In December, educational outbreaks accounted for 15 percent of the state’s totals. By March, that had risen to 34 percent. While state data suggests there are more outbreaks in K-12 schools than colleges and universities — 229 versus 85 — they account for fewer total cases. McKay said outbreaks at schools in his district generally resulted in five or fewer infections.
But there’s also been a rise of outbreaks in “congregate settings,” a broad category that includes recreational sports outside of schools. In December, they accounted for 28 percent of the state’s total outbreaks, according to Holsinger. By March, that had risen to 48 percent.
Within schools, sports also play a disproportionate role in spread — accounting for 43 percent of school-related outbreaks in the same month.
Holsinger said that makes curbing transmission harder as the state gradually lifts restrictions on gatherings, entertainment venues and events like graduations and commencements — as well as recreational sporting events. Virginia has taken a much more cautious approach to reopening than some neighboring states, and Northam’s spokeswoman, Alena Yarmosky, said the administration regularly considers age data in its decision-making.

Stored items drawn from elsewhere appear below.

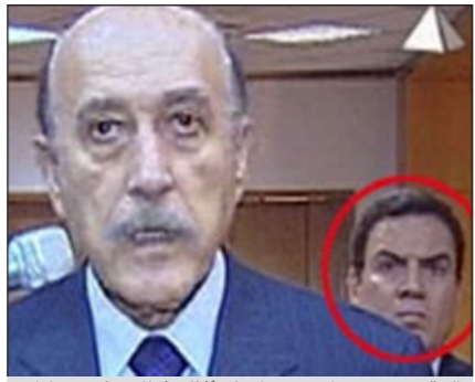
العقيد حسين وراء عمر سليمان أثناء خطاب نخي مبارك

رئيس الجمهورية السابق، أثناء نزوله من السيارة، بعد تدافع عدد من مؤيديه، محاولة منهم للوصول إليه. ورافقه أثناء دخوله مقر اللجنة وسط ترقب شديد لكافة المحيطين باللواء عمر سليمان حرصا على سلامته وتأمينه الشخصي.
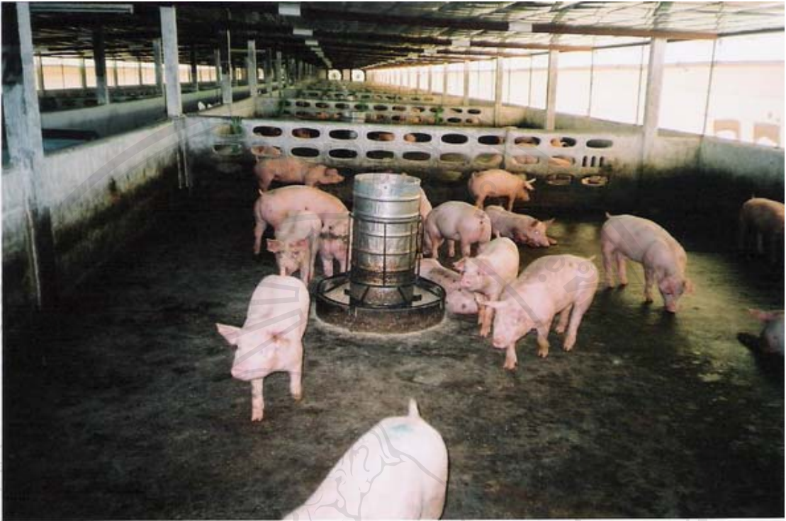
ภาพที่ 18 ภาพถ่ายสุกรขุนและสภาพภายในโรงเรือนของมณีรัตน์ฟาร์ม
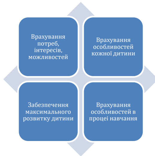
Мал. 3. Індивідуалізація підходу у роботі з дитиною.

Індивідуалізація підходу дає можливість забезпечити повноцінний розвиток кожної дитини з урахуванням її індивідуальних особливостей. Кожна дитина має свої особливості, і педагоги повинні враховувати це при розробці індивідуальних програм розвитку соціальних умінь і навичок.
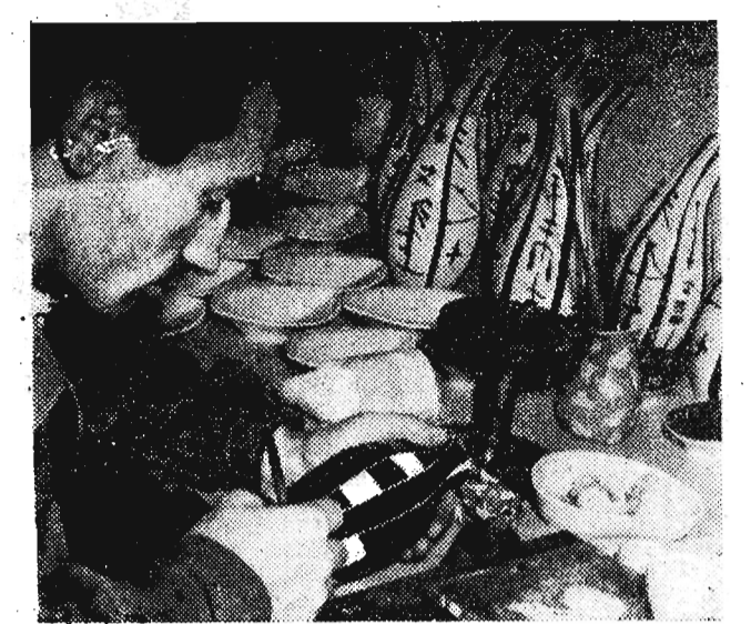
Na zdjęciu: W ośrodku wzornictwa przy Zakładach CAF
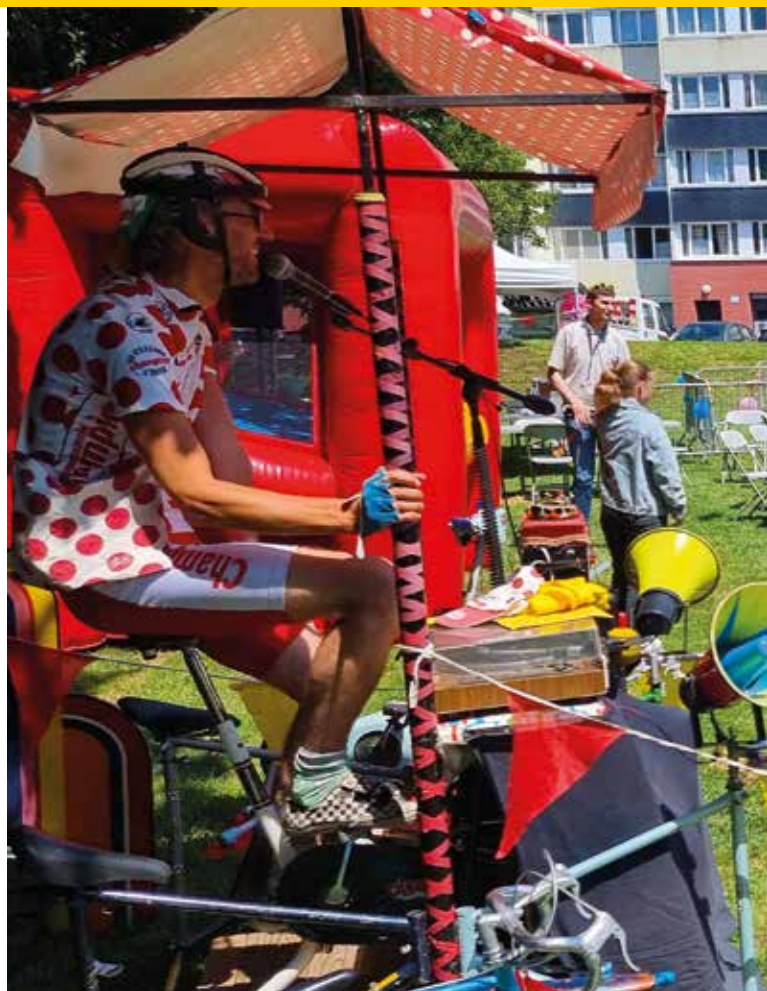
La Fête du Jeu à la Mouchonnière : un des événements co-construits avec les habitants.

Faire de La Mouchonnière un quartier à part entière où les Seclinois(es) de tous les autres quartiers ont envie de venir,
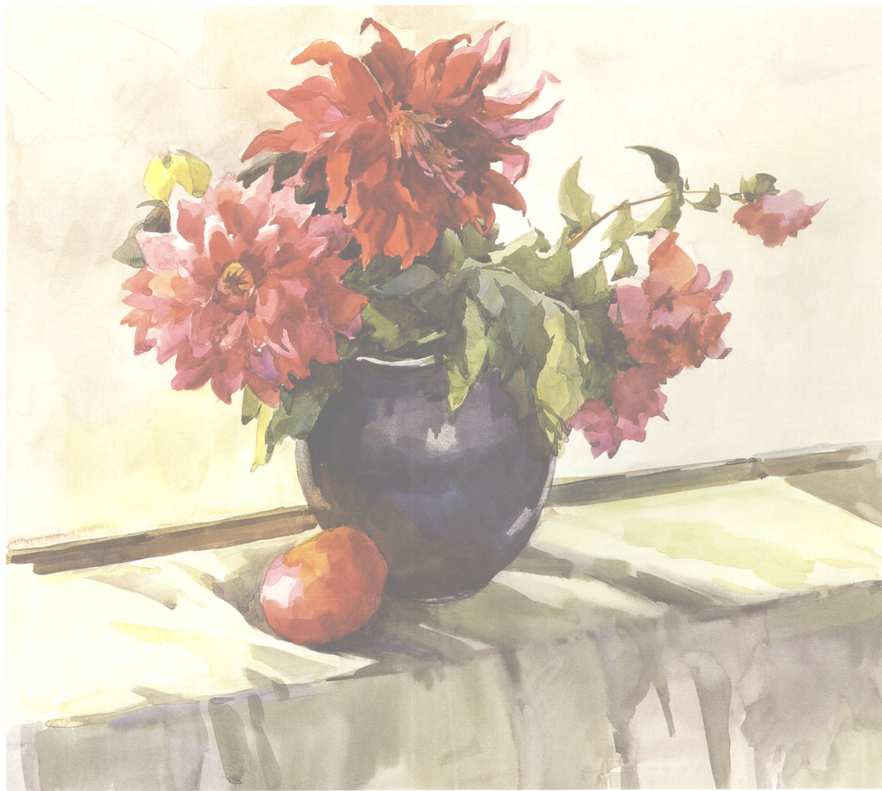
窗台上的大丽花 54cm × 45cm

当然，水彩画所使用的工具材料无可避免地对水彩画创作形成了一些限制。首先是水彩画的表现能力受到了限制，它无法产生像米勒的《拾穗者》那样意义深刻的作品；其次，水彩画颜料不持久，水彩画纸也会因年代久而变黄。我们应该尽量避免这些不利的因素，在不断提高自己技巧的基础上，充分发挥水彩画的特点，创作出高水平的作品。
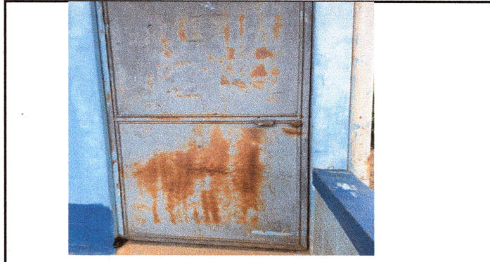
Foto 2: Mantenimiento a puerta de metal lijado, cepillado, sujeciones, aplicación de 2 manos (de pintura anticorrosiva) 3.30*1.00
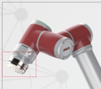
力觉传感器置于末端
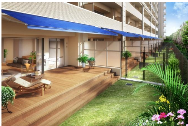
<オープンエアリビング完成予想図>

※掲載の完成予想図は計画段階の図面に基に描き起こしたもので、外観、外構、植栽等は実際とは異なります。また施工上の理由および行政指導などにより変更する場合がありますので、予めご了承ください。尚、敷地内の植栽は竣工から初期の育成期間を経た状態のものを想定して描いています。
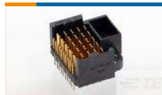
TE Teilnr.: 5120680-1 Z-PACK HS3 6R 30P HDR RH FT
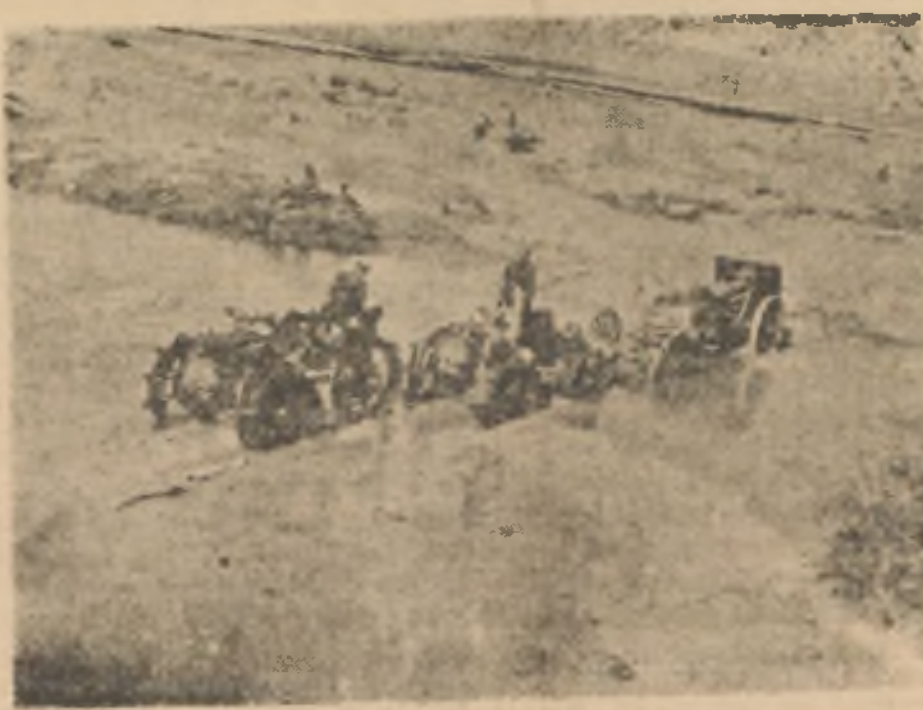
Las gloriosas tropas nacionales, vadean un río.
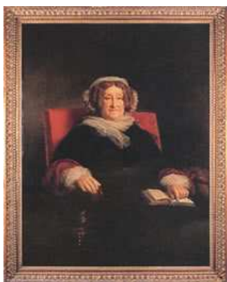
Portrait de la Veuve, par Léon Cogniet

Qui est donc cette Dame qui a donné son nom à l'un des plus prestigieux champagne de France? Pouchkine a écrit sur elle : « Napoléon a dormi sous son toit. L'empereur Alexandre a bu son vin ».
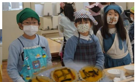
かぼちゃの皮でデコ♪
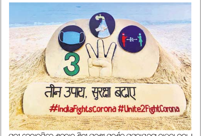
ପୁରୀ ବେଳାଭୂମିରେ ଶୁକ୍ରବାର ଶିଳ୍ପୀ ପଦ୍ମଶ୍ରୀ ସୁବର୍ଣ୍ଣନ ପଟ୍ଟନାୟକଙ୍କ ବାଲୁକା କଳା ।
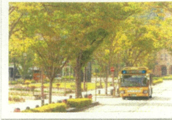
前年度 最優秀賞作品 「木漏れ日のトンネル」
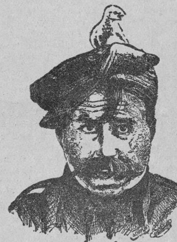
SIDNEY CHAPLIN (Por Tomás Vifias Boix, de Sallent)
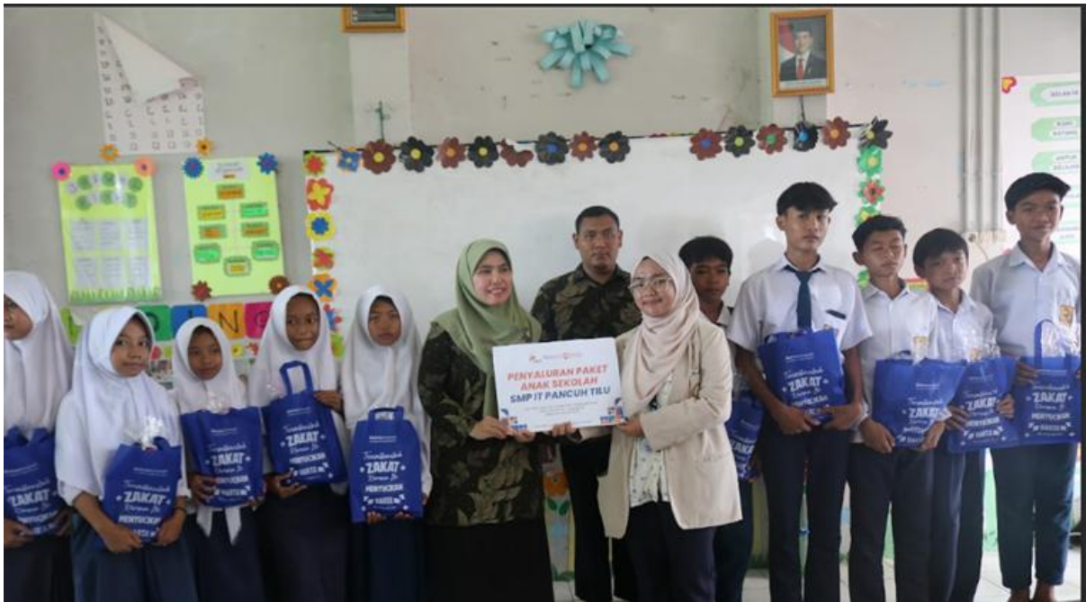
Gambar 4. Penyerahan souvenir dari LAZNAS Bakrie Amanah.
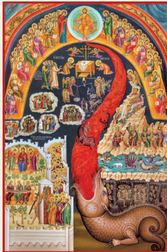
Ἡ μέλλουσα κρίση.
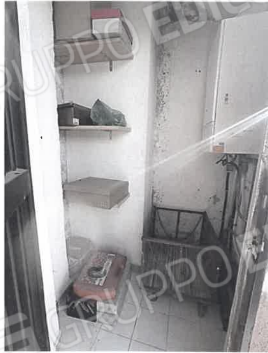
foto n. 20 - veduta vano caldaia
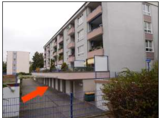
Blick in den Garagenhof mit Garage Nr. 32
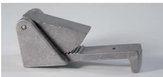
36 300 00 Blei-Strecker / Aluminium, mit Feder Lead stretcher / aluminum, with spring
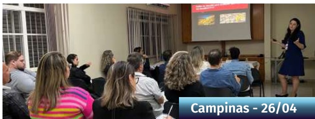
Campinas - 26/04
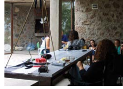
Yahşibey'de mimarlık yaz okulu Architecture summer school in Yahşibey 2004
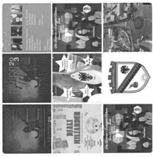
Shiko të gjitha fotografitë

Privatësi - Kushtetë e përdorimit - Reklamimi - Të gjithat e reklamave - Kujtim - Mbrojtja e Nënës së 2023
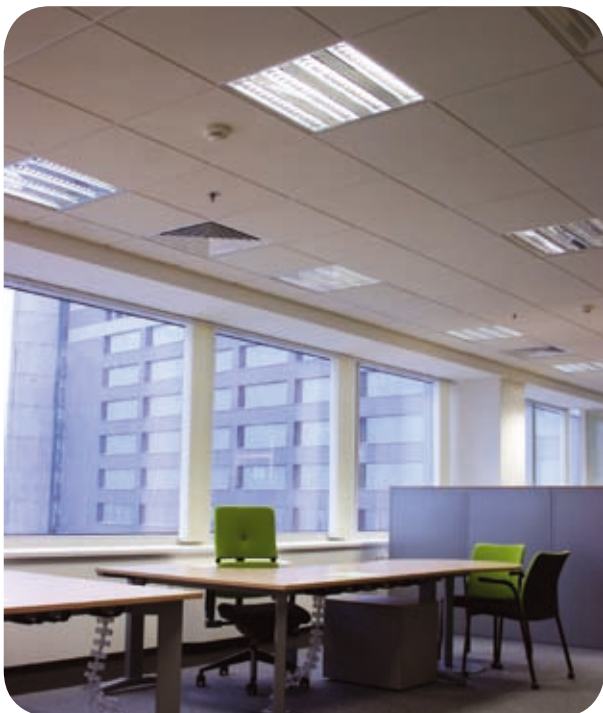
Офис компании British Petroleum (Москва)
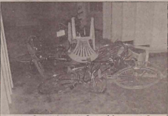
அடித்து நொருக்கப்பட்ட சர்வதேச தமிழீழ மாணவர் பேரவை அலுவலகம். (படம் : ஆன்சிலீன்)
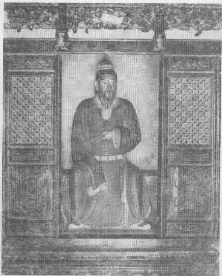
太史祠內的司馬遷彩色塑像
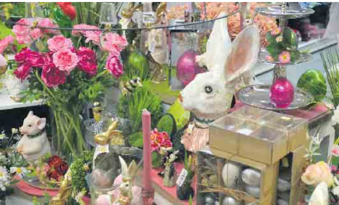
Bunte Farben gehören zu jedem Osterfest, die Ausstellung in der Brückenviese in Oberpleis gibt Anregungen für die Gestaltung von Haus und Garten

Ergänzung zu jedem Osterfest dar. Ob als zentrales Element des Osterbrunches, als freundlicher Empfang an der Haustüre oder als verspielte Dekoration im Kinderzimmer - die Osterhasen und vieles mehr bringen Frühlingsstimmung und Festlichkeit in jedes Zuhause. Die Aufzählung der ausgestellten Osterartikel im Baumarkt in Oberpleis, In der Brückenviese 9 - 13, könnte noch weitere Zeilen füllen. Ein Tipp - einfach einmal vorbei schauen und sich von dem umfassenden Ostersortiment überraschen lassen.
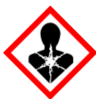
GHS08 – látky nebezpečné pro zdraví
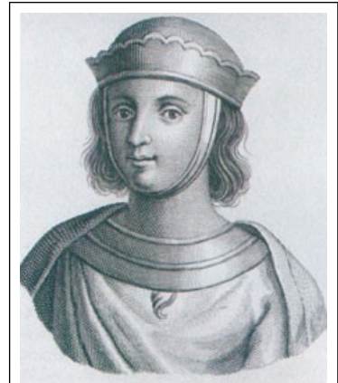
Berenguela van Castilië 1180-1246

De persoonlijke breuk tussen Berenguela en Alfons IX bracht de rechten van zoon Ferdinand niet in gevaar, hoewel Alfons probeerde de Leonese troon in handen te spelen van zijn dochter Sancha (uit zijn eerder huwelijk met Theresia van Portugal). Door toedoen van Berenguela mislukte dit. Berenguela vervulde dus een belangrijke rol in de vereniging van de koninkrijken van Castilië en León, geen geringe zaak voor een vrouw die slechts was opgevoed om de traditionele rol te vervullen als echtgenote. Dankzij haar politieke inzicht, haar doorzettingsvermogen en heldere kijk op de betekenis van het verenigde rijk van Castilië en León, werd Ferdinand III in 1230 bezitter van deze troon. Daarmee was de basis gelegd voor het ontstaan van het koninkrijk van Spanje in 1516, waarvan ook Navarra en Aragón deel uitmaakten.
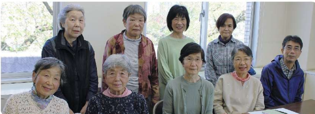
最後の総会に臨んだ青いぶどうの会の皆さん
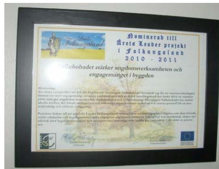
Plakett från Leader Folkungaland

Vi fick även en plakett med denna text som nu sitter på väggen i kiosken. Vi blev bjudna till Kimstad den 11 april 2011 för att presentera vårt Leaderprojekt med nytt grundvattensänkningsystem och poolrenovering. Valkebobadets projekt vann inte men fick mycket beröm ändå. Det projekt som vann i Östergötland var " Digitalteknik på GalaXen "
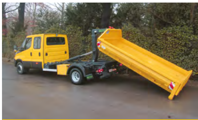
Manipulace s kontejnerem
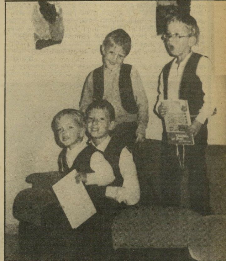
ילדי מרשק הילדים חיו בתנאים מחפירים. בתוך עזובה וליכלוך

כשפגשה לראשונה את ילדיה הם היו מנותקים, מבוהלים ומפחדים. הם פחדו לדבר ללא רשות אביהם. הוא הסית אותם נגדה, בטענה שהיא אינה יהודייה והיא מעוניינת רק בכסף. הוא אף הסית אותם לחשוב כי אמם לא מתעניינת בהם וכי לא עשתה כל מאמץ כדי למצוא אותם. חמישה ימים אחרי-כך פגשה בהם בפעם השנייה. שלדון הביא עימו ארוחת צהריים, ולדיברי קרול היתה זו פגישה נעימה.
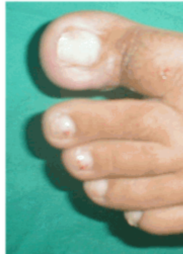
Figura 21. Evolución a los 10 días

La segunda cura se realizó a las 96 horas. Se descubrió la lesión, se examinó el estado de evolución y se procedió a realizar una cura seca con alcohol 75 % (Figura 20). Se le indicó continuar con las curas durante 10 días.
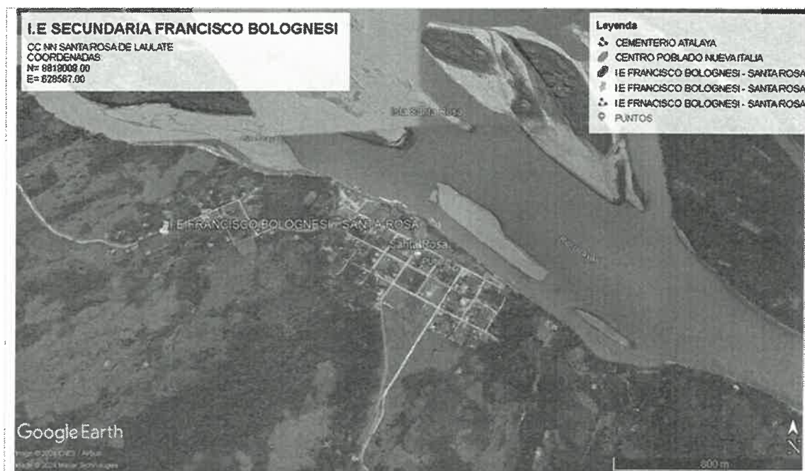
Figura 2: Vista satelital de la Comunidad Nativa Santa Rosa de Laulate.
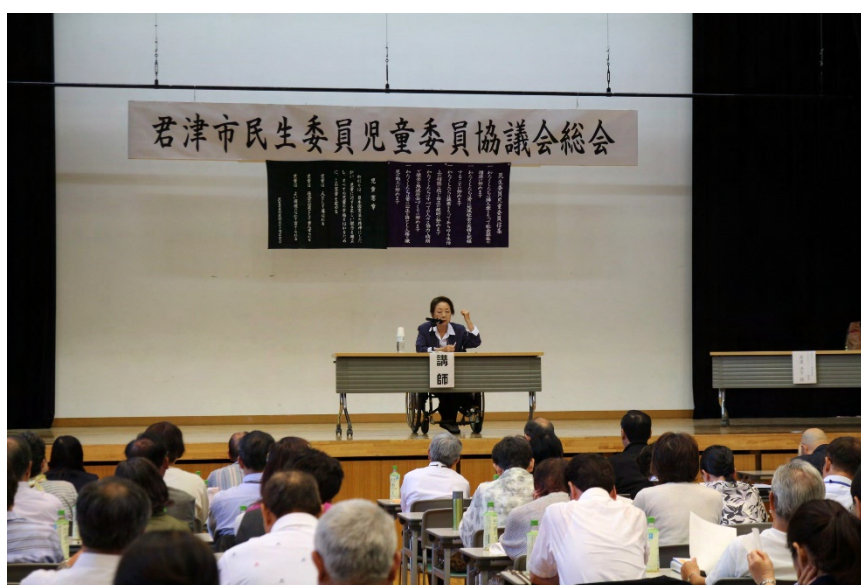
君津市民生委員児童委員協議会総会での研修会
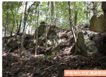
樺衝神社祭祀遺跡磐座
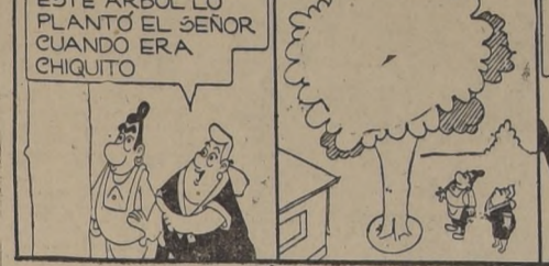
ESTE ARBOL PLANTO EL SEÑOR CUANDO ERA CHIQUITO
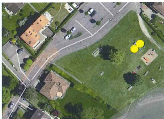
Figure 5 : Emplacement des agrès au parc des Pierrettes

“The governor has paid particular attention to this demographic data as cases remain steady even as vaccinations increase,” she wrote in a Friday email. It’s left health officials emphasizing distancing, mask wearing and other mitigation measures. But Avula said case numbers could grow less important as more Virginians are vaccinated.
“Depending on what happens with these variants, the really important question might become, ‘Are people getting hospitalized or continuing to die at similar rates from COVID?’” he said. “Because we could get to a point where young people are getting the disease and still having asymptomatic or mild disease. But everyone who’s really at risk is still protected.”